* [LISTED RECORDS]:
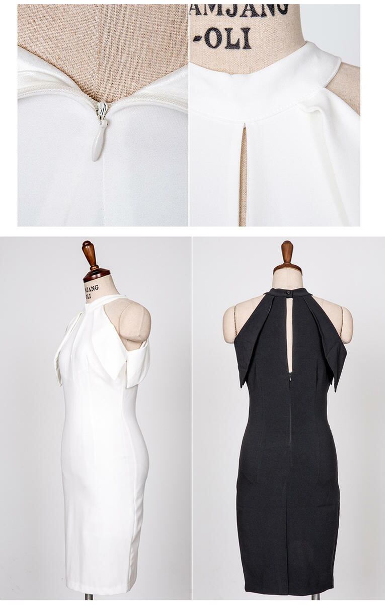 パーティードレス オフショル ホルターネック OL 膝丈 スリム スリット セクシー 大人 2カラー 白 黒 パーティー 結婚式 二次会 披露宴 お呼ばれ キャバドレス YN-5-72 | dress_sugar_moon
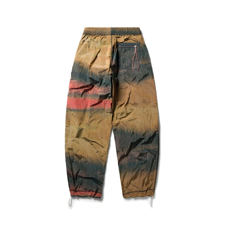 ARIES Colourfade Windcheater Pant – Multi: Unisex trackpant in a customised space-dye nylon, with an elasticated waistband, ankle toggles, reinforced knees and a zip patch pocket on the back. Aries Temple patch on the front left leg.
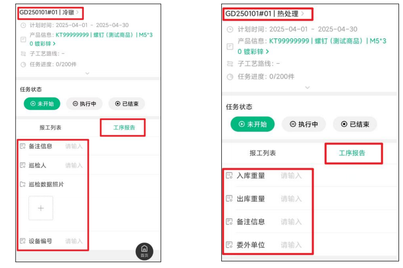 当产品的流转卡留转到对应的工序的时候,工序的负责人需要对该工序进行报工报告。(简单说就是完工后需要填写完成了多少,以及拍照上传该工序需要上传的一些文档、照片等数据。)
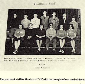 The freshman class of 1943 wasn’t very patriotic compared to the seniors, according to Mrs. Otash. “We didn’t take the war too seriously,” she said. However, the senior class of ‘43 wrote many poems and thoughts about the war, one of which has been reproduced in this issue. These thoughts tell how the seniors really felt.
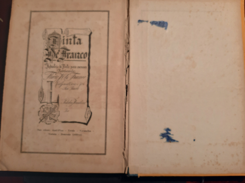 Sao Paulo 1945, 186 pp, áginas amarillentas, señales de uso en la cubierta de tapa dura, manchas en la contraportada por dentro y por fuera, en la página 17 falta un trozo de la parte de arriba derecha, que no afecta a la lectura. ver fotos. Si no se especifica en la descripción anterior, los libros no tienen subrayados, anotaciones, firmas o defectos reseñables. ATENCIÓN: EL ENVÍO GRATUITO ES ORDINARIO SIN NÚMERO DE SEGUIMIENTO, y puede sufrir retrasos de varios días. Le dejarán un aviso en el buzón PARA LA RECOGIDA EN OFICINA. PRIORITARIO/CERTIFICADO CON ENTREGA A DOMICILIO POR SOLO 2,90 euros. |

* [WHAT IS EXPECTED]:
Nothing but the lines from the line containing "当产品的流转卡留转到对应的工" through the last line of the records above should be written out, exactly and without the pictures.

* [YOUR RESPONSE]:
 当产品的流转卡留转到对应的工序的时候,工序的负责人需要对该工序进行报工报告。(简单说就是完工后需要填写完成了多少,以及拍照上传该工序需要上传的一些文档、照片等数据。)
 The freshman class of 1943 wasn’t very patriotic compared to the seniors, according to Mrs. Otash. “We didn’t take the war too seriously,” she said. However, the senior class of ‘43 wrote many poems and thoughts about the war, one of which has been reproduced in this issue. These thoughts tell how the seniors really felt.
 Sao Paulo 1945, 186 pp, áginas amarillentas, señales de uso en la cubierta de tapa dura, manchas en la contraportada por dentro y por fuera, en la página 17 falta un trozo de la parte de arriba derecha, que no afecta a la lectura. ver fotos. Si no se especifica en la descripción anterior, los libros no tienen subrayados, anotaciones, firmas o defectos reseñables. ATENCIÓN: EL ENVÍO GRATUITO ES ORDINARIO SIN NÚMERO DE SEGUIMIENTO, y puede sufrir retrasos de varios días. Le dejarán un aviso en el buzón PARA LA RECOGIDA EN OFICINA. PRIORITARIO/CERTIFICADO CON ENTREGA A DOMICILIO POR SOLO 2,90 euros. |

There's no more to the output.